═══ RECORDS SHOWN ═══

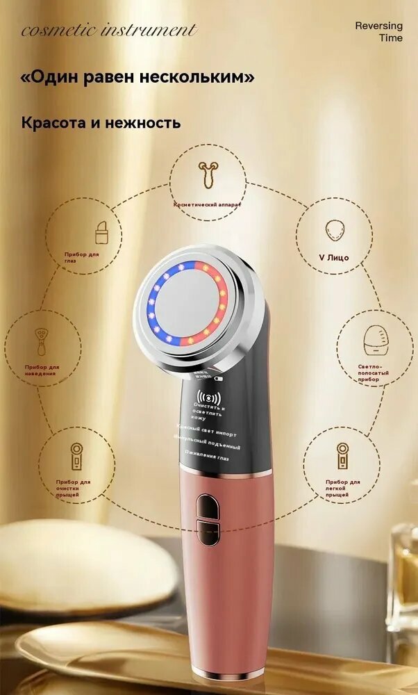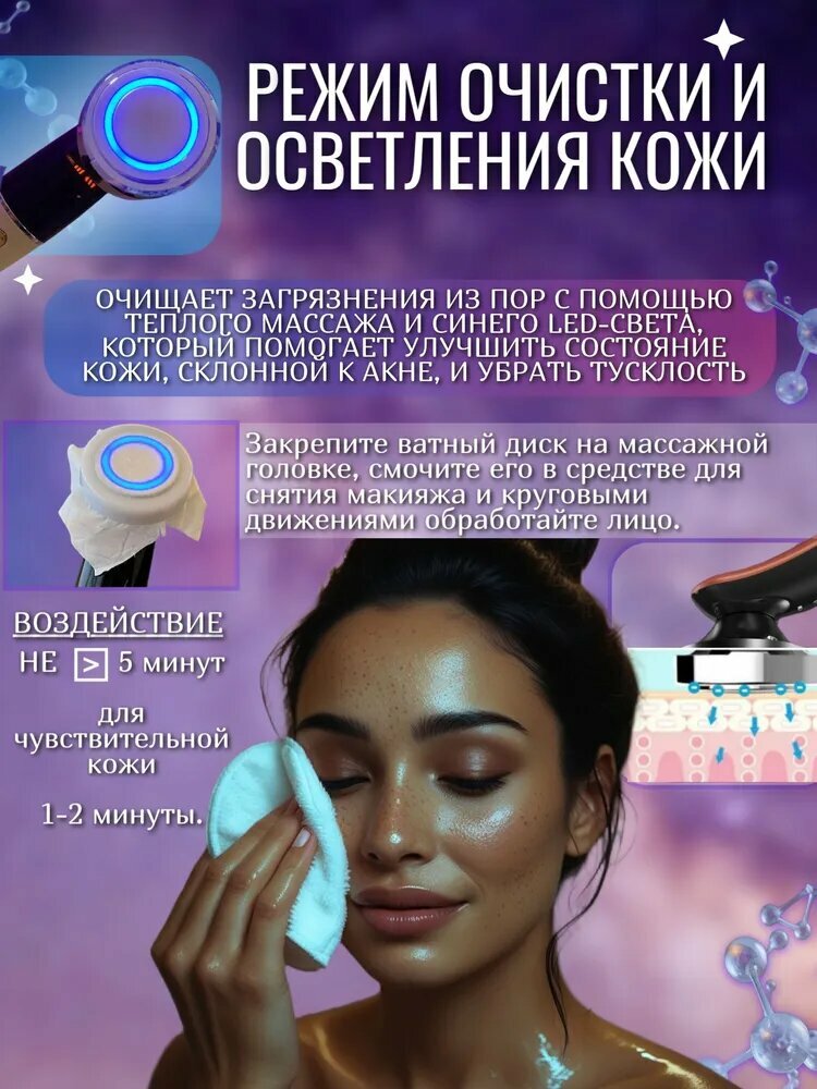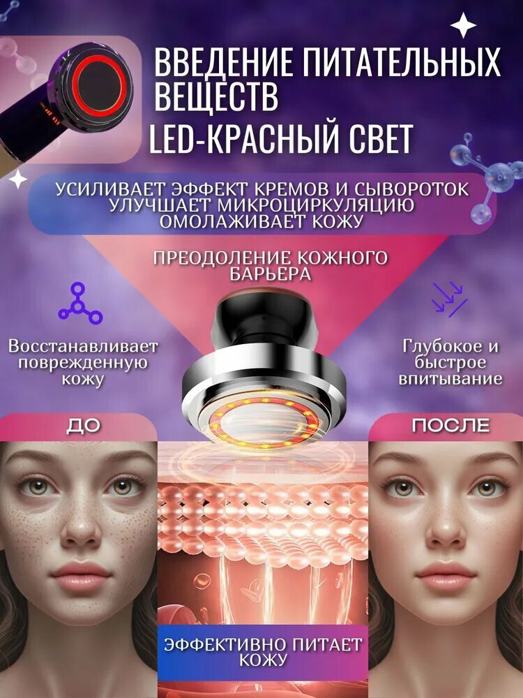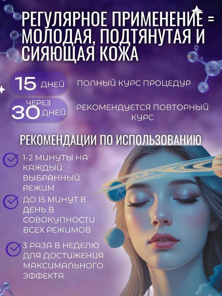 - LED-панель с 4 спектрами (синий - против акне, красный - стимуляция коллагена)
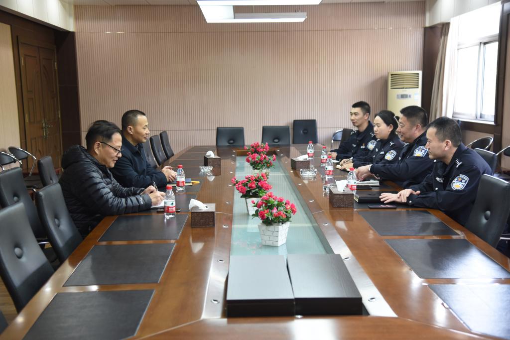 4月8日上午,泰山新村派出所宋宝钧所长、吴远屹教导员等一行四人来Beat365官网检查指导安保工作。Beat365官网党委书记徐悦、保卫处处长陈学建在真知馆2楼会议室进行接待。
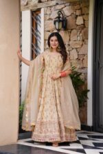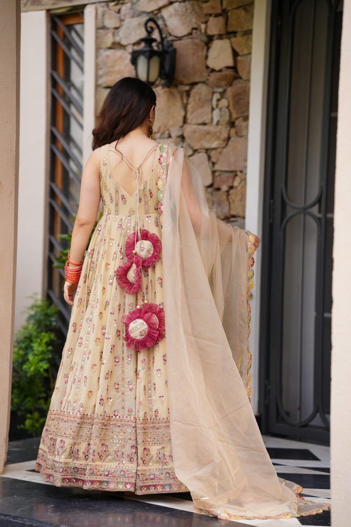 The gown is absolutely stunning! The fabric feels premium and the embroidery is so detailed. Perfect for weddings or special occasions.
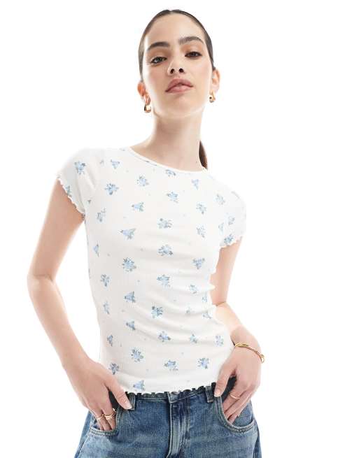 Camiseta blanca con estampado de florecitas y ribetes remallados de New Look
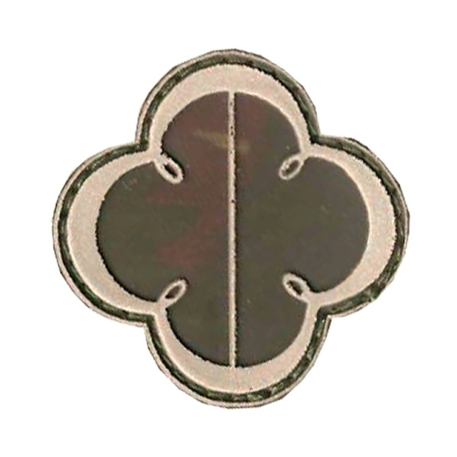 - Brevê emborrachado confeccionado pelo processo de moldagem a quente, na cor cinza, sobre um suporte na cor camuflada, sendo aplicado por meio de velcro na cor verde oliva;
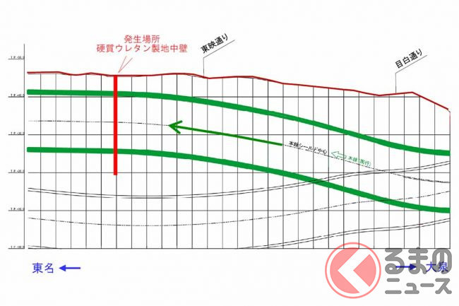 今回のような硬質ウレタン製地中壁は、外環道(関越~東名)の現場で13か所が計画されており、このうち着手されている7か所については、壁とトンネルの位置に誤りがないことを確認しているとのこと。そして今後施工する6か所についても同様に確認していくということです。
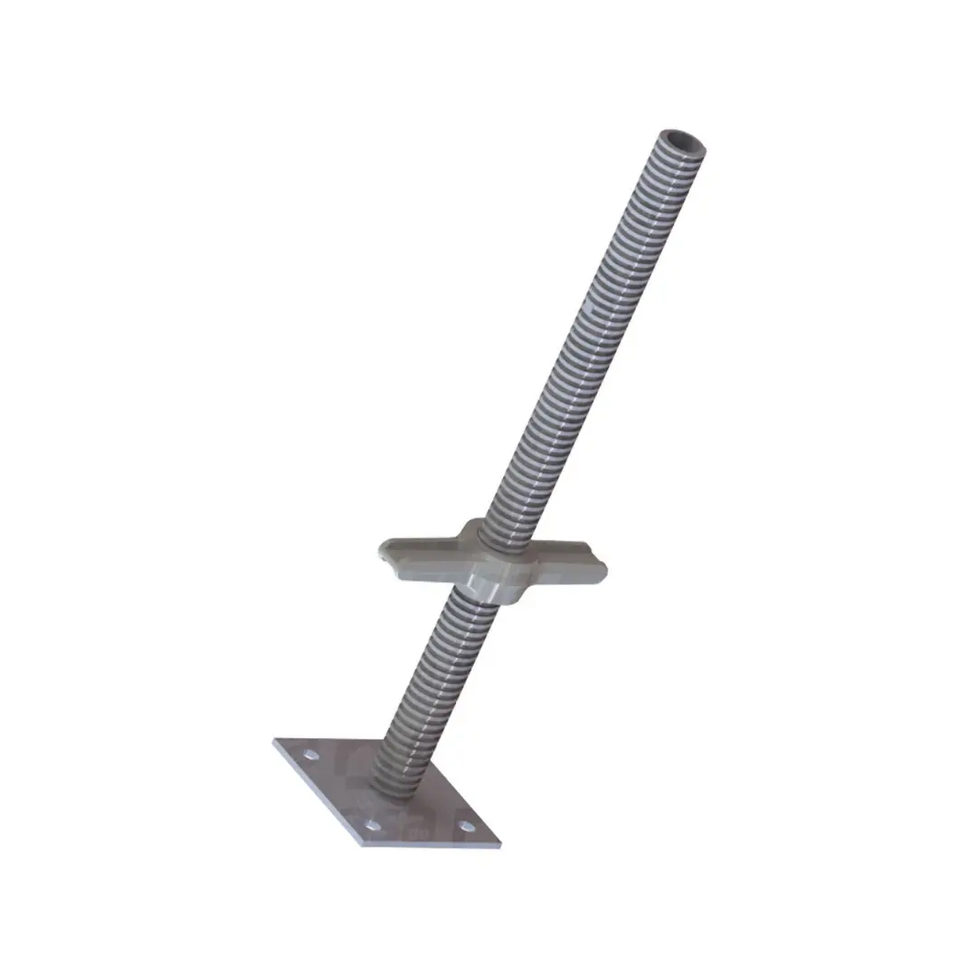 A Sapata Regulável é um acessório fundamental para proporcionar firmeza e estabilidade à base do andaime, especialmente em terrenos irregulares.
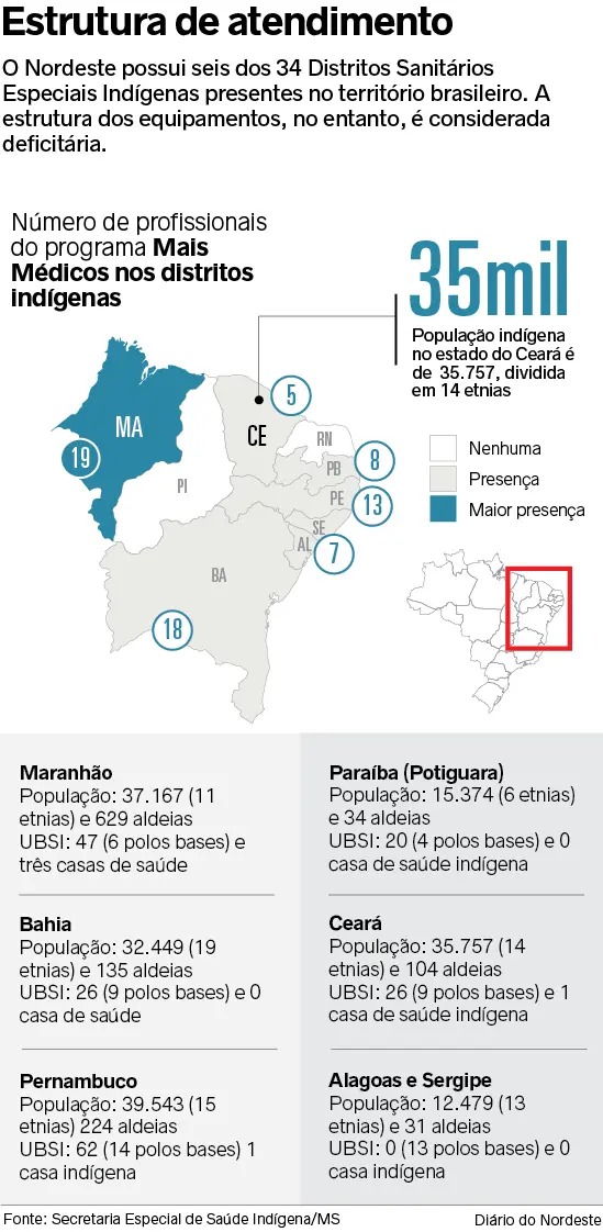 O Ceará conta com apenas cinco profissionais do Programa Mais Médicos (PMM) que atuam no Distrito Sanitário Especial Indígena (Dsei) local, unidade gestora do Subsistema de Atenção à Saúde Indígena (SasiSUS). Dos estados do Nordeste com Distritos, é o que tem o menor número de profissionais do PMM, ficando atrás do Maranhão (19), Bahia (18), Pernambuco (13), Paraíba (8), Alagoas e Sergipe (7). Piauí e Rio Grande do Norte não possuem DSEIs, segundo o Mapa de Atuação do Programa Mais Médicos.
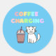 É o Café e Gato para o Café Lover Classic Round Sticker. A tipografia do arco-íris e o café, gatos brancos são tão adoráveis. É um presente alegre para o amante da cafeína. Comprar agora!
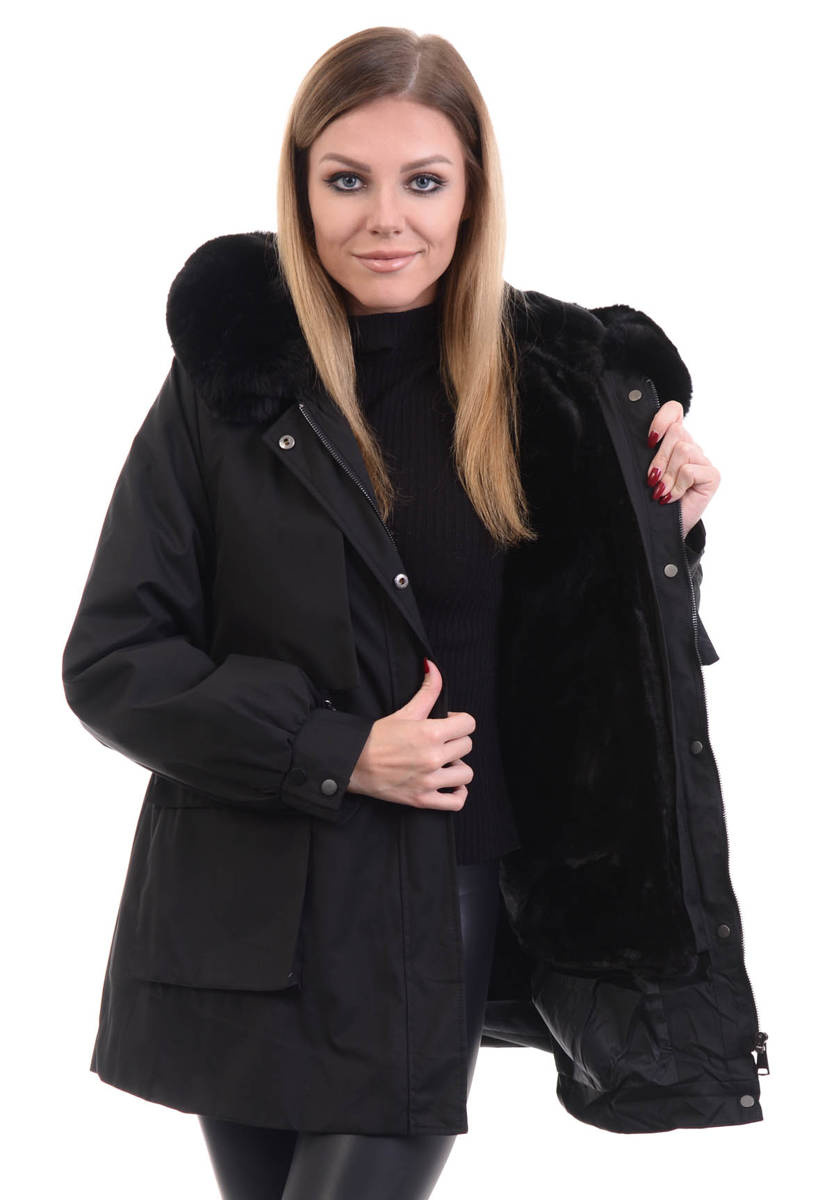Jedna z modniejszych w tym sezonie kurtka parka 2 w 1 w kolorze czarnym. Kurtka zapinana jest na suwak i napy. Dodatkowego wdzięku daje kurtce nieodpinany kaptur z pięknym futerkiem, który idealnie sprawdzi się w chłodniejsze dni oraz jako ochrona przed wiatrem. Dwie niezapinane na kieszenie dodają kurtce klasy. Mankiety rękawów zapinane na napy.
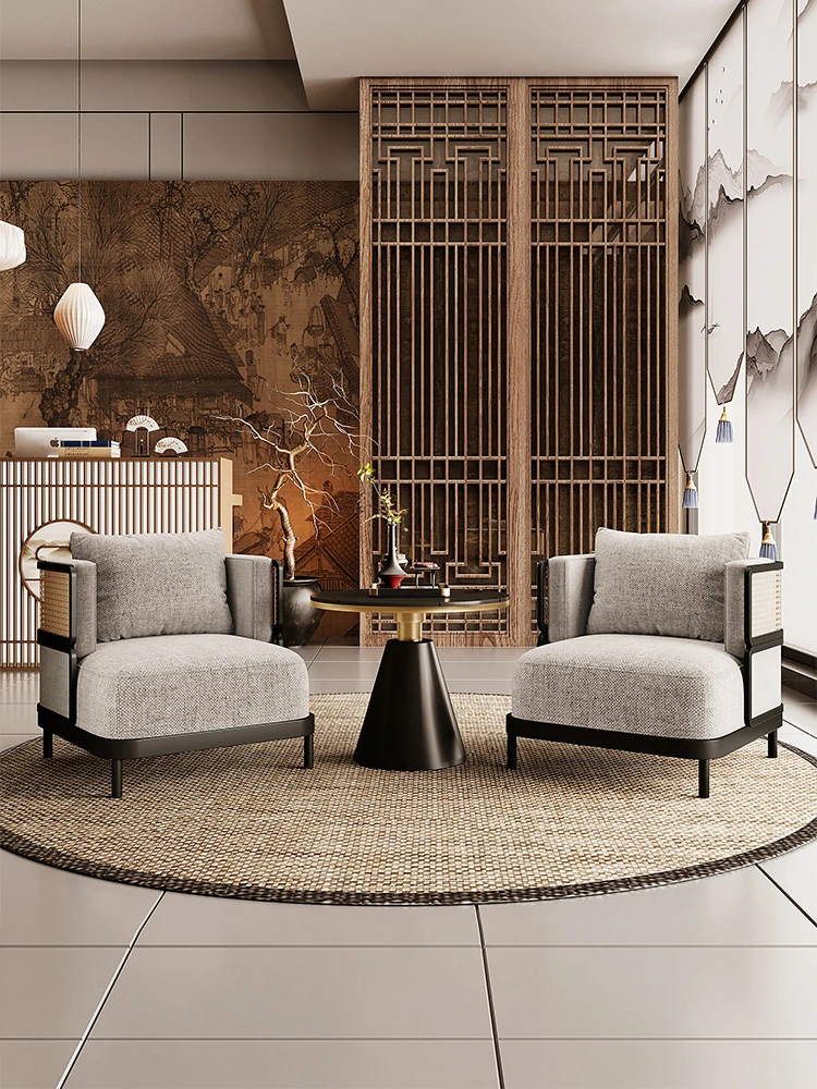 新中式デザインのラグジュアリーなリラックスソファチェア - ホテル客室や茶楼、会所にぴったりな一人掛け椅子。おしゃれな接待エリアに最適なテーブルと椅子のコンビネーションで、心地よいひとときを提供します。
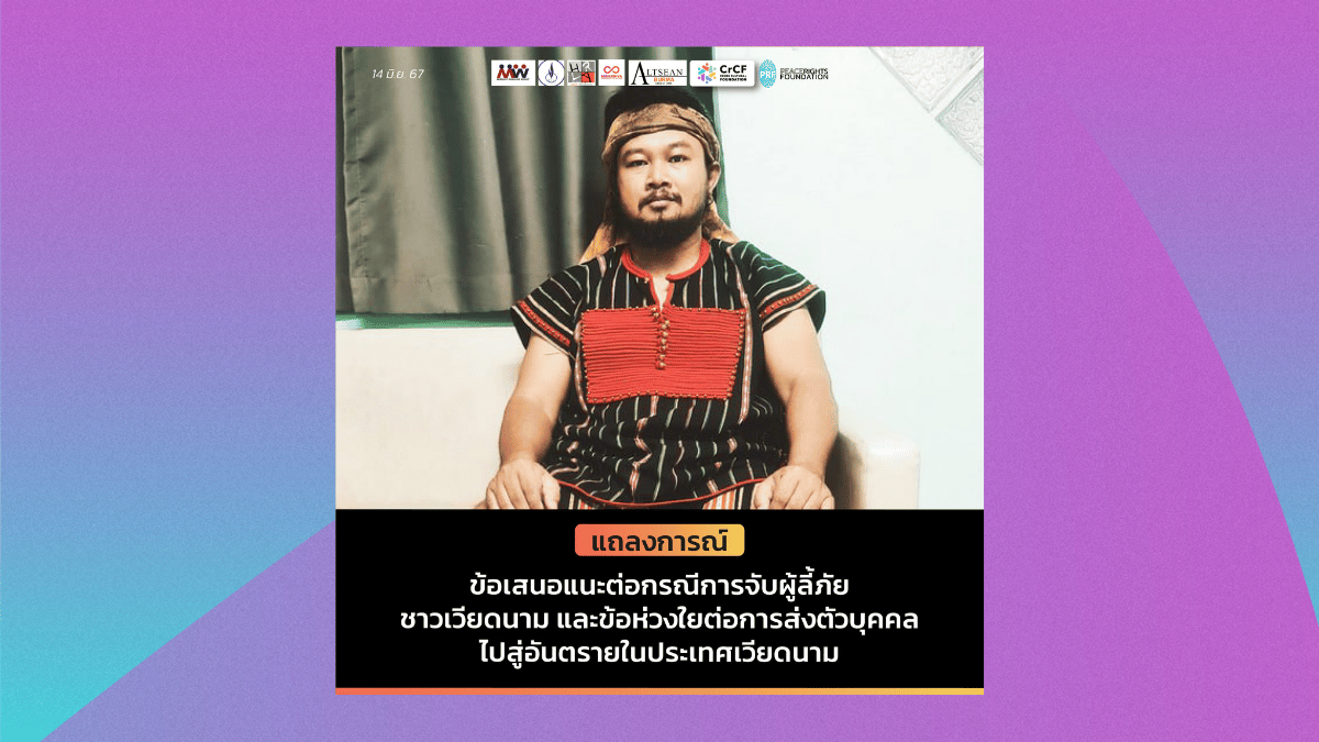 แถลงการณ์ข้อเสนอแนะต่อกรณีการจับผู้ลี้ภัยชาวเวียดนาม และข้อห่วงใยต่อการส่งตัวบุคคลไปสู่อันตรายในประเทศเวียดนาม 14 มิถุนายน, 2024

═══

▶ **EXERCISE DESCRIPTION**:
Using the data above, set down each line from the line with "Camiseta blanca con" to the line with "- Brevê emborrachado" exactly, both ends included, and leave the pictures behind. Nothing else belongs.

▶ **RESPONSE TO THIS TASK**:
 Camiseta blanca con estampado de florecitas y ribetes remallados de New Look
 - Brevê emborrachado confeccionado pelo processo de moldagem a quente, na cor cinza, sobre um suporte na cor camuflada, sendo aplicado por meio de velcro na cor verde oliva;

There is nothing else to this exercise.